URLs du Jour — 2014-10-02

  • Sean Davis has done admirable work in exposing Neil deGrasse Tyson's unfortunate habit of fabricating quotes and yarns in order to paint people he disfavors as ignorant yahoos. Sean's latest is an analysis of Tyson's latest weasel-worded effort to "explain" how he came to make up a Dubya quote. Sample:

    I still find it shocking the lengths to which Tyson went — up to and including repeated and obvious fabrications about the president of the United States — to make such a pathetically bad point. His story is the Rube Goldberg machine of stupid stories: completely pointless, and hopelessly fragile.

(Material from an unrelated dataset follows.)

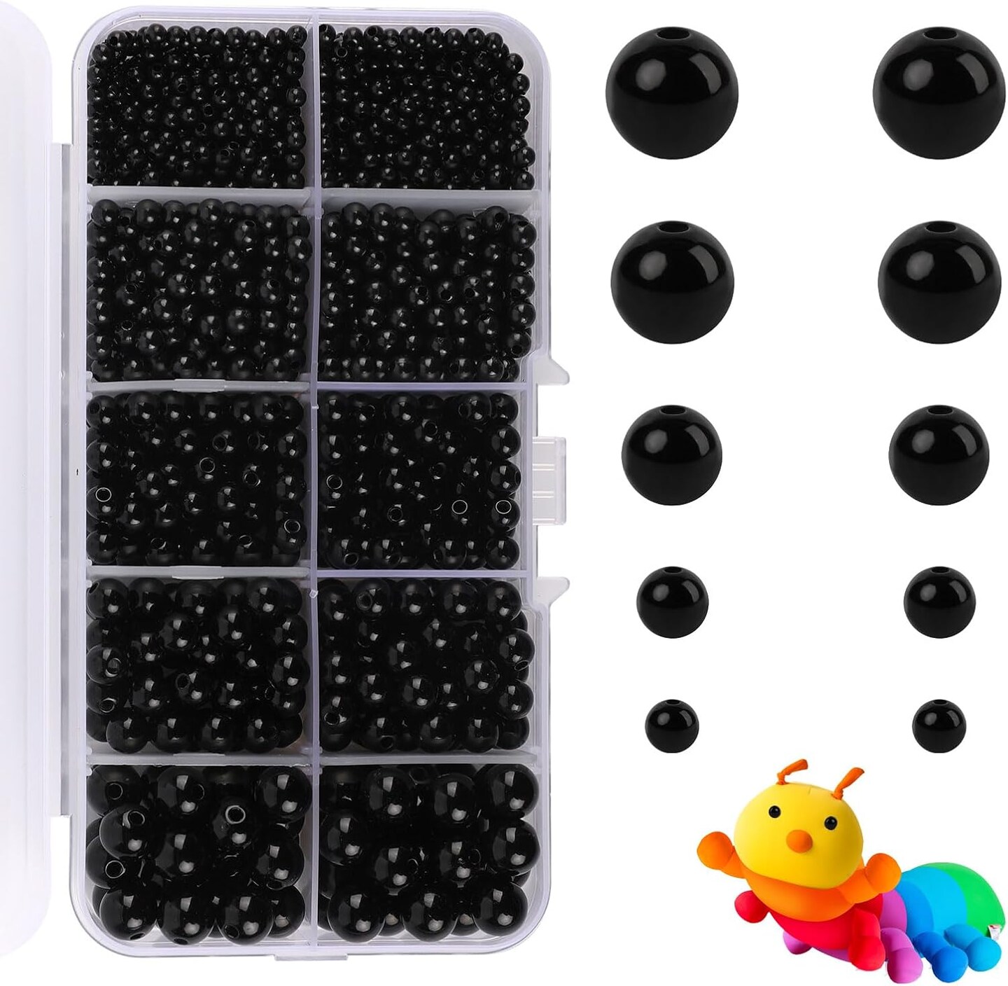 1380 Pcs 5 Sizes Black Doll Eyes 3-8mm Round Plastic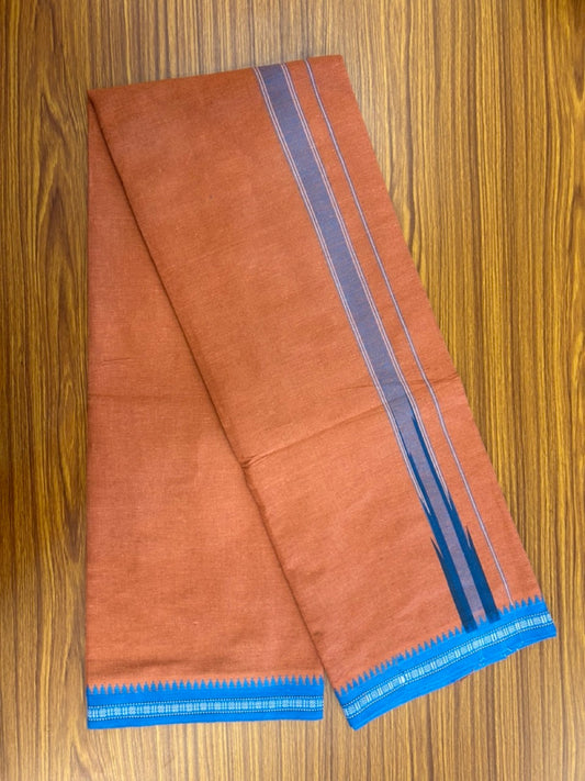 18% Discount!!! Kaitharikada 90% cotton 5 % Polyster - Single Kaily / Lungi - 1.5 inch Puliyilakkara Peacock Blue & Blue Striped Printed Chutty Kuppadam kara with Kavi colour body (2 meter / 4 muzham)- 11KK8023 AS

You’d think somebody intent on pointing out a massive internal contradiction would, oh, I don’t know, spend some time researching whether there was actually an internal contradiction. But then again, you’d probably think that somebody would make sure a quote actually existed before repeating it as gospel.

    Sean's history of Tyson-related posts are here. My advice: unless Tyson's talking about the radial velocity distribution and line strengths of 33 carbon stars in the Galactic bulge or something similar, it's unsafe to assume he's not just making shit up.

    Also see Rich Lowry joining the well-deserved pile-on.

  • Jonah Goldberg's article from the current issue of National Review is worth your while. (As pretty much everything from Mr. Goldberg is.) It's a lengthy takeoff from a Barackrobatic tic:

    We’ve heard a great deal lately about the “wrong side of history.” It is one of the president’s favorite ways to describe whatever side he isn’t on, and it’s been a phrase on the lips of progressives for quite a while. Among the myriad problems with the notion of a “wrong side of history,” as many critics (including me) have long argued, is that in the domestic sphere it is a call for one’s opponents to surrender to the inevitability of defeat, and in the international sphere it is deployed rhetorically to avoid deploying anything real.

    It's a good news/bad news situation for "champions of freedom" (Jonah's term): defeat's not certain, but neither is victory. (But I'd add: there are reasons to be optimistic.)

  • Cato has released its FISCAL POLICY REPORT CARD ON AMERICA’S GOVERNORS 2014, just in time for elections. New Hampshire's Maggie Hassan got a D. And that D is for "Depressing", because most polls have her leading her GOP opponent by double-digits.

  • Frank J. Fleming opines: "Now Is Not the Time to Turn the Country Around". Revel in the inspired lunacy.

    Now, I want to note that I don’t mean this analogy to be disrespectful to President Obama. But I think most historians will back me when I say his presidency is the equivalent of a dumb child running into tables.

  • For your informed amusement: 12 informative [animated] GIFs.

    I especially liked "worldwide flight patterns"; it looks like the US and Europe are fighting a super-soaker war. (And to a lesser extent, the mainland US and Hawaii.)